Task directions: Every record must come back unchanged, apart from the pictures, which are dropped.

Recorded information:
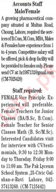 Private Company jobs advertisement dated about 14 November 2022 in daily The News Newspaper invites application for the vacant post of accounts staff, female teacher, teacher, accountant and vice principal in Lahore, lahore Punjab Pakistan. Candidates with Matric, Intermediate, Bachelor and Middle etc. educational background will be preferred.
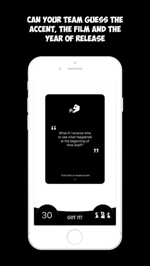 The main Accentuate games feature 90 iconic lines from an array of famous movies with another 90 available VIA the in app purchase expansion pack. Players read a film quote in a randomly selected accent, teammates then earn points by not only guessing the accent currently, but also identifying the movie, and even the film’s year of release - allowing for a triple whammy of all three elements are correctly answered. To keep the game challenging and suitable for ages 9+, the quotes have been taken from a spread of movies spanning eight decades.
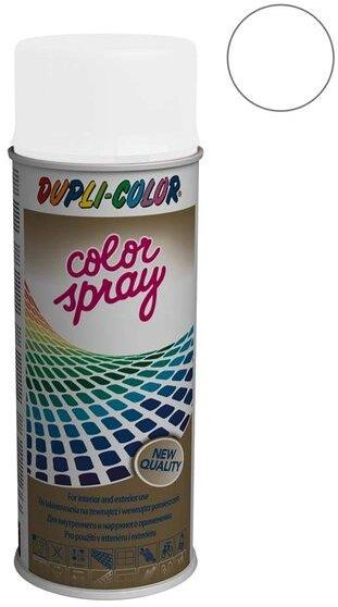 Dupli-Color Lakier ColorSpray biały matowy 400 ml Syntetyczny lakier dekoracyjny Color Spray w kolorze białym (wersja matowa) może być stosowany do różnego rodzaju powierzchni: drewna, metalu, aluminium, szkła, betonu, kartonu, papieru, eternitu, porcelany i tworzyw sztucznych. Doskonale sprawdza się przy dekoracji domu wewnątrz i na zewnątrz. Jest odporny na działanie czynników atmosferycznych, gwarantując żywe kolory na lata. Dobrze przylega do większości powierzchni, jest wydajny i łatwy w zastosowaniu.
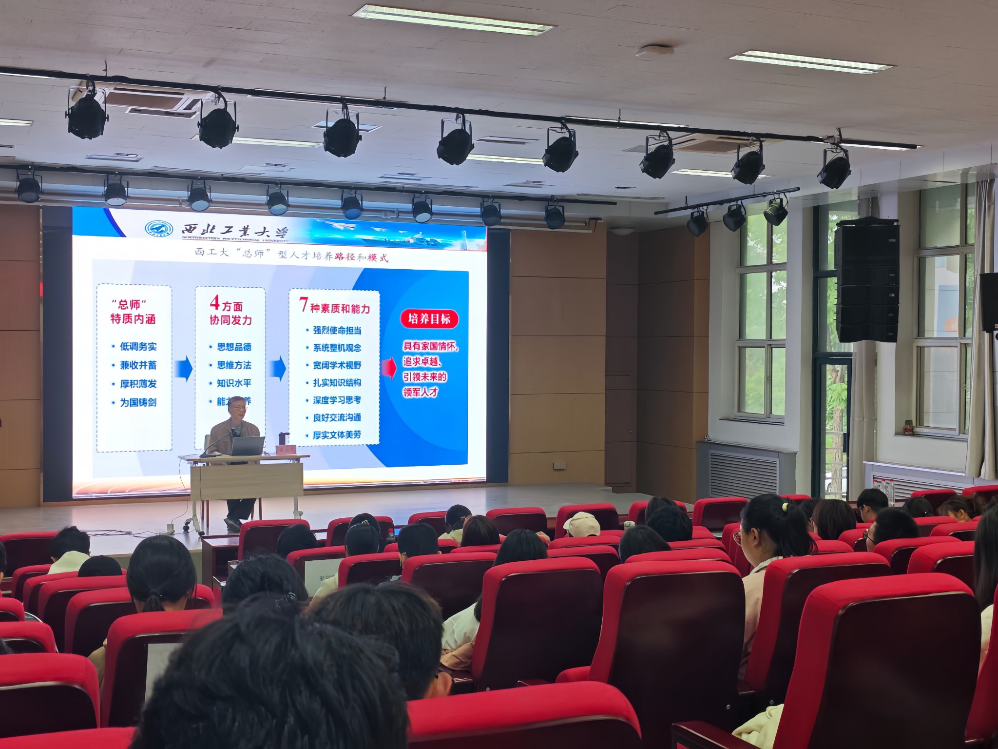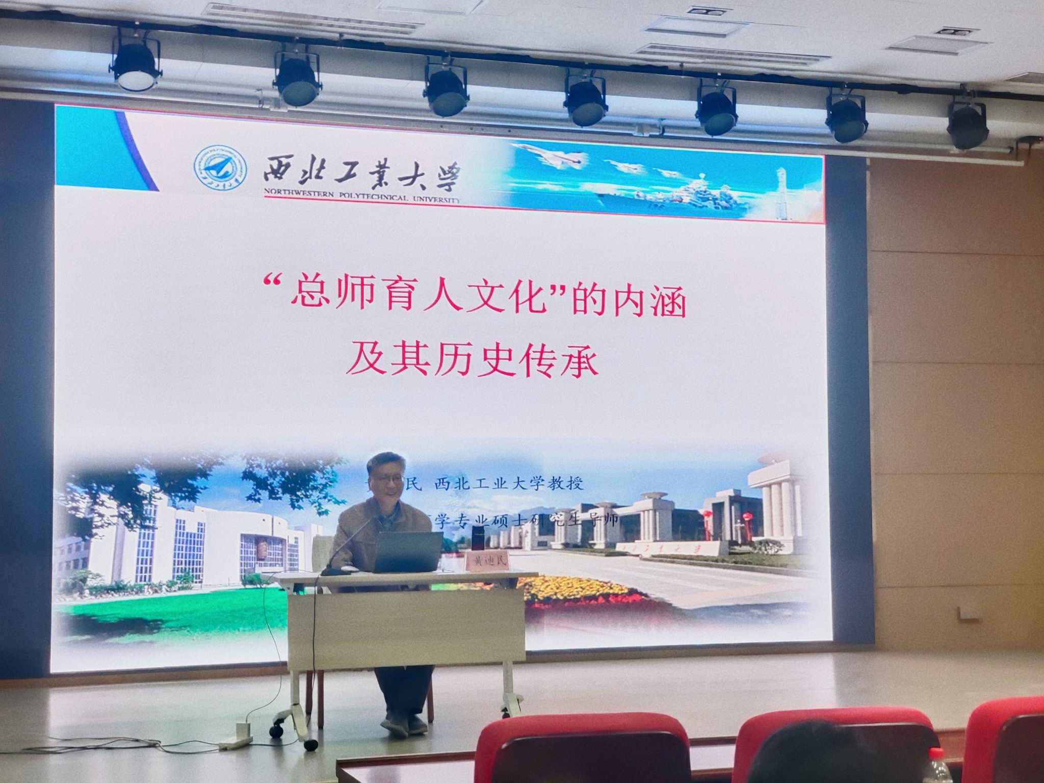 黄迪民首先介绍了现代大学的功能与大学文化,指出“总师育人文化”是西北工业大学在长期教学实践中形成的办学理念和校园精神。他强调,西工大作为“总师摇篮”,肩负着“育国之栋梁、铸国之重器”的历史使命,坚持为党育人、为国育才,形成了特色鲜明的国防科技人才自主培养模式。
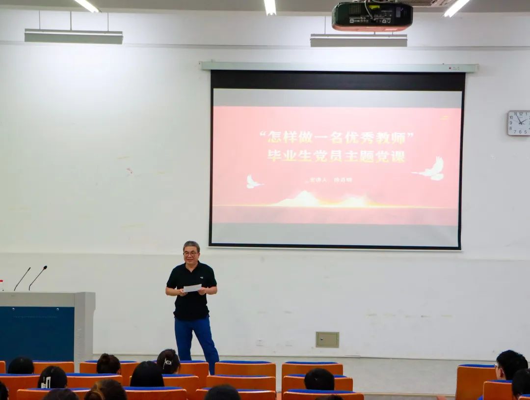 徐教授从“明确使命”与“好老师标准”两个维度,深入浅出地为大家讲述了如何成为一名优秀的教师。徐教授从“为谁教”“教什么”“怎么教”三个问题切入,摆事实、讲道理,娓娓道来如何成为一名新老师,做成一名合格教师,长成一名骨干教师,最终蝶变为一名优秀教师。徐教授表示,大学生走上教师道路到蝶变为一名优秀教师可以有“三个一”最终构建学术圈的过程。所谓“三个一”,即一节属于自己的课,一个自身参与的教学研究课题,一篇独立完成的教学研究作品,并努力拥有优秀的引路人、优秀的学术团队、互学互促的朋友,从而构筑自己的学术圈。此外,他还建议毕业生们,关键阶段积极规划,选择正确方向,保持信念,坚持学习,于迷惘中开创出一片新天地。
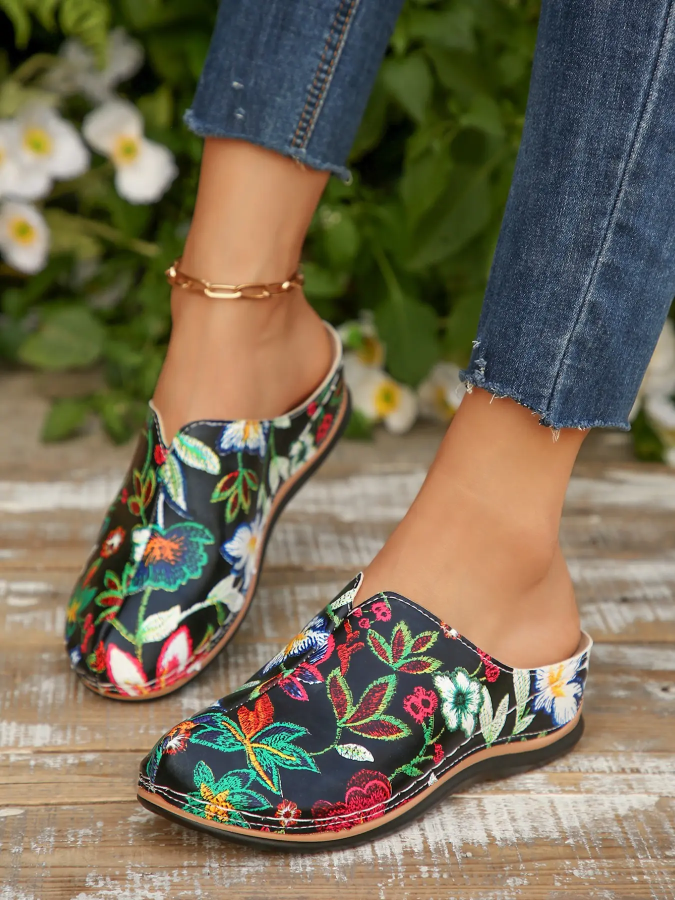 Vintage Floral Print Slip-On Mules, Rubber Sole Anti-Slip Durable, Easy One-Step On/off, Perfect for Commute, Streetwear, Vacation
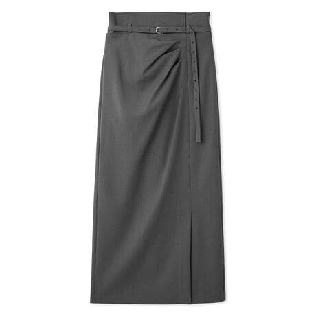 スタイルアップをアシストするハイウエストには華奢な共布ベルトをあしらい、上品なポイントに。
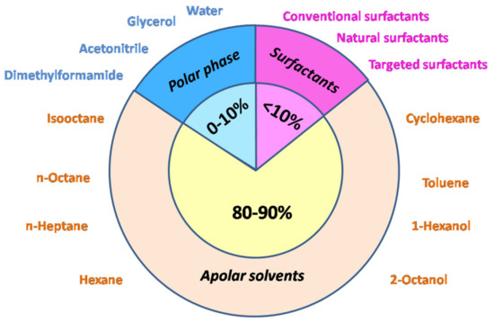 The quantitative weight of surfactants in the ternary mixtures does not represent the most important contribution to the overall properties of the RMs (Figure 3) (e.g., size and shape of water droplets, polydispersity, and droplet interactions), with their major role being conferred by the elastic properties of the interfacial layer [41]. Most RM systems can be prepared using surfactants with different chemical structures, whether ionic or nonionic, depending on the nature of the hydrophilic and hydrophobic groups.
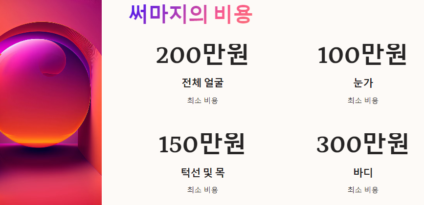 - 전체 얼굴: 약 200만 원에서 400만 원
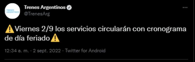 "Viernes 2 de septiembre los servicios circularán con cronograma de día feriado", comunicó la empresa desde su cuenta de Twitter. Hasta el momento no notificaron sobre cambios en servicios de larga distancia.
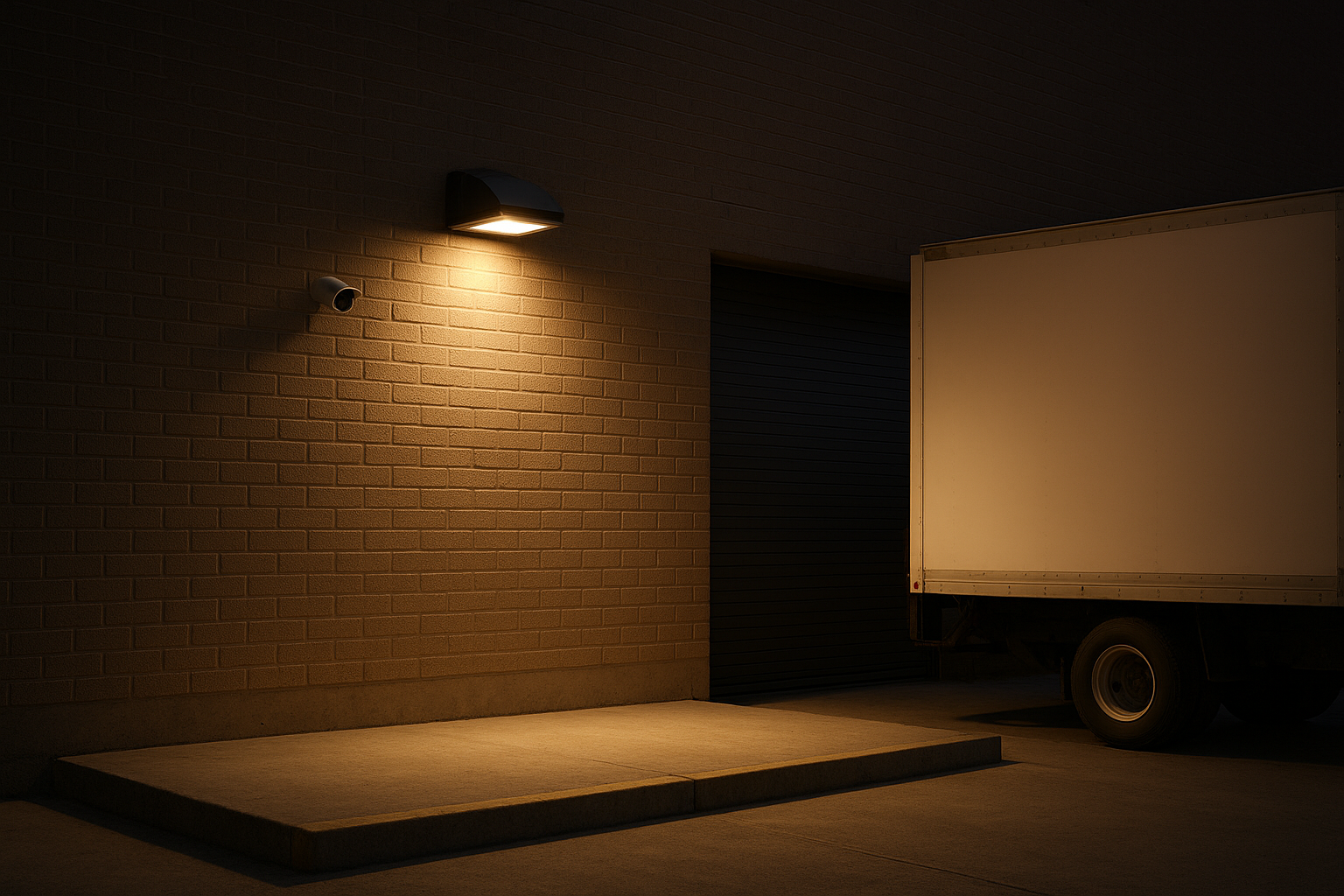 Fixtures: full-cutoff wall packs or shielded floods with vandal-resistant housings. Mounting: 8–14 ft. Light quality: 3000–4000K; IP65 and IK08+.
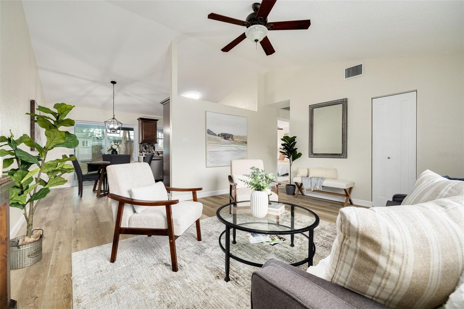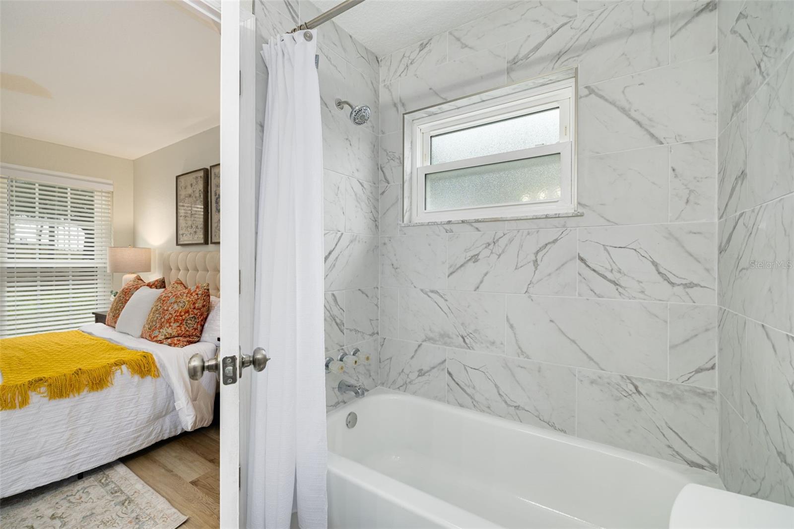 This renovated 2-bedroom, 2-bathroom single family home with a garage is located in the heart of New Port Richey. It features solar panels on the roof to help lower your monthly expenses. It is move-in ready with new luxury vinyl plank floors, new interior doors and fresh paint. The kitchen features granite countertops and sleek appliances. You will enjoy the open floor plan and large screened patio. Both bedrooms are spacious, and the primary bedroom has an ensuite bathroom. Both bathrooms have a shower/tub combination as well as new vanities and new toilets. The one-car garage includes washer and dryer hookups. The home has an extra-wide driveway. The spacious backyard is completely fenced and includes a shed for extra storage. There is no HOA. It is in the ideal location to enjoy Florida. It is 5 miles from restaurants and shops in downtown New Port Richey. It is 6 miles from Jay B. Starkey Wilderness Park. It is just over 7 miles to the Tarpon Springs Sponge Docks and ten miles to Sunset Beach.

Response for this exercise:
 Private Company jobs advertisement dated about 14 November 2022 in daily The News Newspaper invites application for the vacant post of accounts staff, female teacher, teacher, accountant and vice principal in Lahore, lahore Punjab Pakistan. Candidates with Matric, Intermediate, Bachelor and Middle etc. educational background will be preferred.
 The main Accentuate games feature 90 iconic lines from an array of famous movies with another 90 available VIA the in app purchase expansion pack. Players read a film quote in a randomly selected accent, teammates then earn points by not only guessing the accent currently, but also identifying the movie, and even the film’s year of release - allowing for a triple whammy of all three elements are correctly answered. To keep the game challenging and suitable for ages 9+, the quotes have been taken from a spread of movies spanning eight decades.
 Dupli-Color Lakier ColorSpray biały matowy 400 ml Syntetyczny lakier dekoracyjny Color Spray w kolorze białym (wersja matowa) może być stosowany do różnego rodzaju powierzchni: drewna, metalu, aluminium, szkła, betonu, kartonu, papieru, eternitu, porcelany i tworzyw sztucznych. Doskonale sprawdza się przy dekoracji domu wewnątrz i na zewnątrz. Jest odporny na działanie czynników atmosferycznych, gwarantując żywe kolory na lata. Dobrze przylega do większości powierzchni, jest wydajny i łatwy w zastosowaniu.
 黄迪民首先介绍了现代大学的功能与大学文化,指出“总师育人文化”是西北工业大学在长期教学实践中形成的办学理念和校园精神。他强调,西工大作为“总师摇篮”,肩负着“育国之栋梁、铸国之重器”的历史使命,坚持为党育人、为国育才,形成了特色鲜明的国防科技人才自主培养模式。
 徐教授从“明确使命”与“好老师标准”两个维度,深入浅出地为大家讲述了如何成为一名优秀的教师。徐教授从“为谁教”“教什么”“怎么教”三个问题切入,摆事实、讲道理,娓娓道来如何成为一名新老师,做成一名合格教师,长成一名骨干教师,最终蝶变为一名优秀教师。徐教授表示,大学生走上教师道路到蝶变为一名优秀教师可以有“三个一”最终构建学术圈的过程。所谓“三个一”,即一节属于自己的课,一个自身参与的教学研究课题,一篇独立完成的教学研究作品,并努力拥有优秀的引路人、优秀的学术团队、互学互促的朋友,从而构筑自己的学术圈。此外,他还建议毕业生们,关键阶段积极规划,选择正确方向,保持信念,坚持学习,于迷惘中开创出一片新天地。
 Vintage Floral Print Slip-On Mules, Rubber Sole Anti-Slip Durable, Easy One-Step On/off, Perfect for Commute, Streetwear, Vacation
 スタイルアップをアシストするハイウエストには華奢な共布ベルトをあしらい、上品なポイントに。
 The quantitative weight of surfactants in the ternary mixtures does not represent the most important contribution to the overall properties of the RMs (Figure 3) (e.g., size and shape of water droplets, polydispersity, and droplet interactions), with their major role being conferred by the elastic properties of the interfacial layer [41]. Most RM systems can be prepared using surfactants with different chemical structures, whether ionic or nonionic, depending on the nature of the hydrophilic and hydrophobic groups.
 - 전체 얼굴: 약 200만 원에서 400만 원
 "Viernes 2 de septiembre los servicios circularán con cronograma de día feriado", comunicó la empresa desde su cuenta de Twitter. Hasta el momento no notificaron sobre cambios en servicios de larga distancia.
 Fixtures: full-cutoff wall packs or shielded floods with vandal-resistant housings. Mounting: 8–14 ft. Light quality: 3000–4000K; IP65 and IK08+.
 This renovated 2-bedroom, 2-bathroom single family home with a garage is located in the heart of New Port Richey. It features solar panels on the roof to help lower your monthly expenses. It is move-in ready with new luxury vinyl plank floors, new interior doors and fresh paint. The kitchen features granite countertops and sleek appliances. You will enjoy the open floor plan and large screened patio. Both bedrooms are spacious, and the primary bedroom has an ensuite bathroom. Both bathrooms have a shower/tub combination as well as new vanities and new toilets. The one-car garage includes washer and dryer hookups. The home has an extra-wide driveway. The spacious backyard is completely fenced and includes a shed for extra storage. There is no HOA. It is in the ideal location to enjoy Florida. It is 5 miles from restaurants and shops in downtown New Port Richey. It is 6 miles from Jay B. Starkey Wilderness Park. It is just over 7 miles to the Tarpon Springs Sponge Docks and ten miles to Sunset Beach.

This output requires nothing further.